• _Aim of the task_:
An exact copy of all the lines below is required, with every image left out.

• _Source data_:
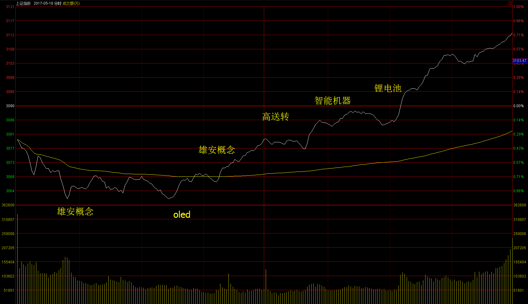 5月16日周二低开后下杀,然后单边上行,创业板大涨。早盘雄安、高送转、oled活跃,午后高送转、智能机器、锂电池、雄安集体拉升,指数大涨。收盘沪指上涨0.74%,创业板上涨2.04%。今日雄安概念低位个股集体拉升,装配式建筑龙头太空板业一字开盘,津膜科技换手后继续封板,环保分支依旧强势。高送转个股集体活跃,填权和抢权类个股更为强势。盘面上回调到位,势必会有所回落,需要关注。
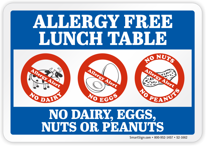 Peanut Allergy Safety Sign: Allergy Free Lunch Table - No Dairy, Eggs, Nuts Or Peanuts
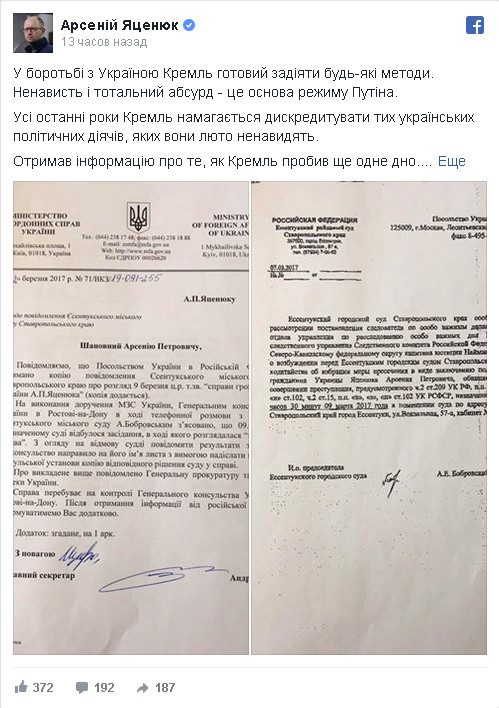 Сам бывший украинский премьер-министр уже прокомментировал решение Ессентукинского городского суда. «В борьбе с Украиной Кремль готов задействовать любые методы. Ненависть и тотальный абсурд — это основа режима Путина. Все последние годы Кремль пытается дискредитировать тех украинских политических деятелей, которых они люто ненавидят. Получил информацию о том, как Кремль пробил еще одно дно», — написал Яценюк на своей странице в Facebook.

• _Answer_:
 5月16日周二低开后下杀,然后单边上行,创业板大涨。早盘雄安、高送转、oled活跃,午后高送转、智能机器、锂电池、雄安集体拉升,指数大涨。收盘沪指上涨0.74%,创业板上涨2.04%。今日雄安概念低位个股集体拉升,装配式建筑龙头太空板业一字开盘,津膜科技换手后继续封板,环保分支依旧强势。高送转个股集体活跃,填权和抢权类个股更为强势。盘面上回调到位,势必会有所回落,需要关注。
 Peanut Allergy Safety Sign: Allergy Free Lunch Table - No Dairy, Eggs, Nuts Or Peanuts
 Сам бывший украинский премьер-министр уже прокомментировал решение Ессентукинского городского суда. «В борьбе с Украиной Кремль готов задействовать любые методы. Ненависть и тотальный абсурд — это основа режима Путина. Все последние годы Кремль пытается дискредитировать тех украинских политических деятелей, которых они люто ненавидят. Получил информацию о том, как Кремль пробил еще одно дно», — написал Яценюк на своей странице в Facebook.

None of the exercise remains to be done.